I'm not sure I agree with you on that. CryptNet and the Distributed Republic have quite minor roles in the story, and pretty much every single major character (with the exception of the Confucians) is a Neo-Victorian. It's too good a book to have Righteous Kind And Noble Heroes Beyond All Reproach, and the Vicks have their problems, but I'd say they are basically "the good guys", and if not that then certainly the protagonists, of the story.

Comment author: robertskmiles 18 June 2012 11:38:08AM *  14 points [-]

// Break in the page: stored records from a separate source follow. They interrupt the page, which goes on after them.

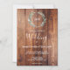 Watercolor leaves on rustic barn wood magnetic wedding invitation.
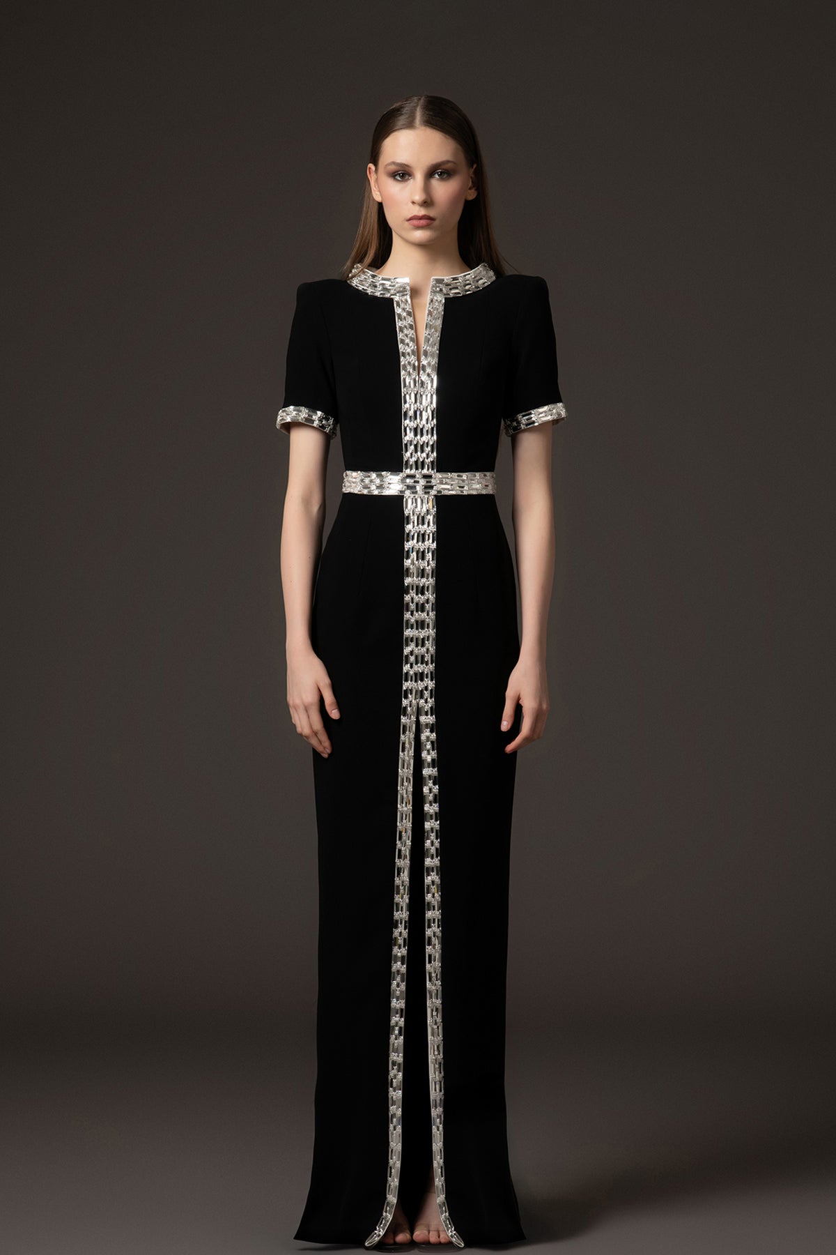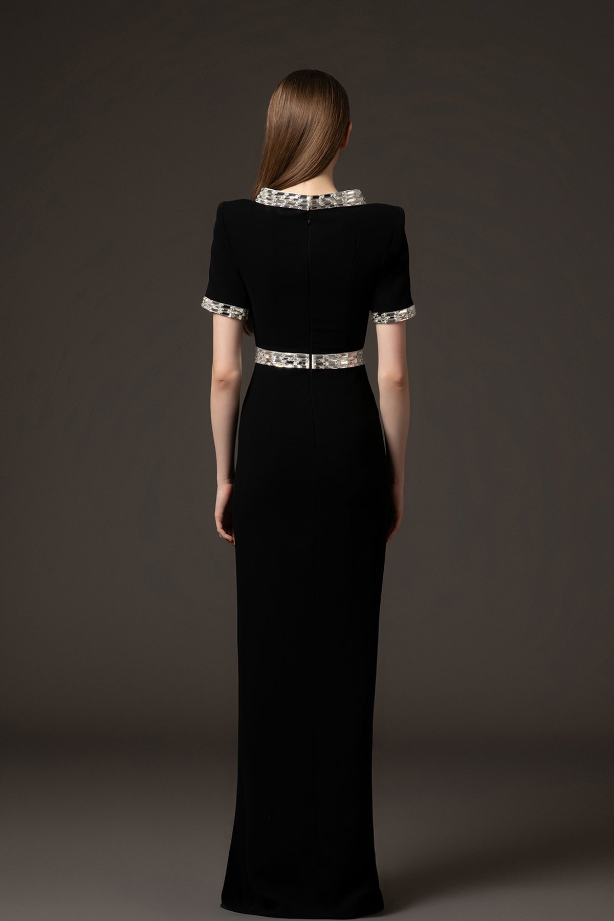 Black crêpe column long dress. Featuring a baguette embroidery with short sleeves and center back zipper and front slit.
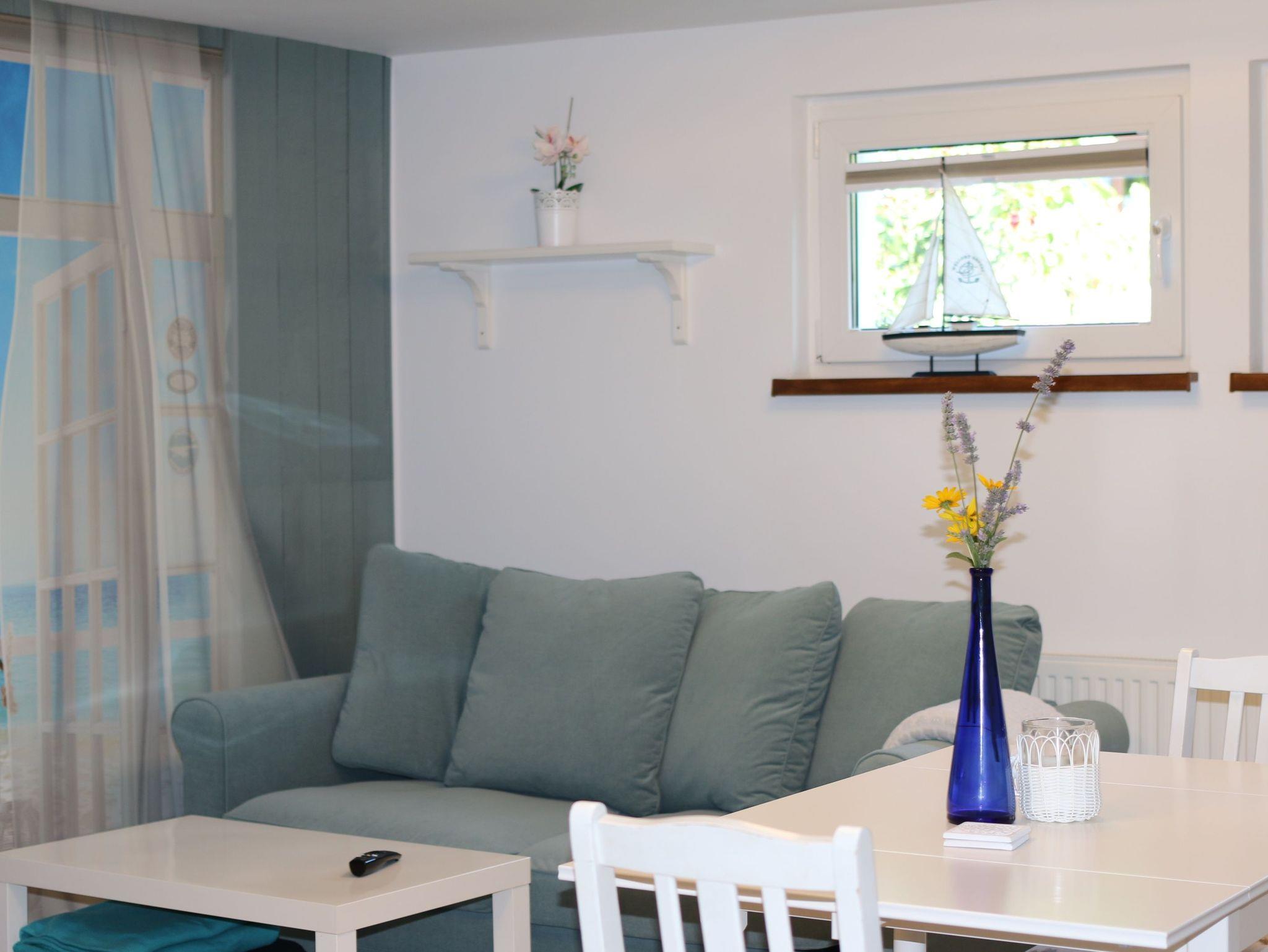 Modern und liebevoll - auf knapp 50 qm bietet diese Ferienwohnung im Souterrain des Einfamilienhauses ein perfektes Urlaubsziel für bis zu 2 Personen. Durch einen separaten Eingang gelangen Sie in die Wohnung. Im Wohnbereich befindet sich neben einer bequemen Couch auch ein Sessel, Flachbild-TV sowie ein Essplatz mit 2 Stühlen. Die offene Küchenzeile mit Ceranherd, Backofen, Geschirrspüler, Mikrowelle, Wasserkocher, Kaffeemaschine und Toaster bietet ideale Voraussetzungen für das gemütliche Frühstück oder das kleine Abendessen zu zweit. Das separate Schlafzimmer hat ein Doppelbett und einen Kleiderschrank mit reichlich Stauraum. Das Badezimmer mit Fenster ist funktional und modern gestaltet: mit ebenerdiger Dusche, WC und Stauraum. Eine Terrasse (Zugang erfolgt außerhalb der Wohnung) lädt schon morgens dazu ein Ihren Kaffee zu genießen oder den Abend bei einem Glas Wein ausklingen zu lassen.

I think the criticism of 6 is a misunderstanding. It doesn't say "the world resembles the ancestral savanna", it says "the world resembles the ancestral savanna more than say a windowless office". The best environment is unlikely to be anything like the ancestral savanna, but it's likely to be closer to that than to a windowless office, in terms of sensory experience. The point I think is not the specifics of the environment, but that it engages with our bodies and senses in a way that we, as evolved creatures, find satisfying, and in a way that the purely mental stimulation available in the office does not.

That's what I took away from the linked post.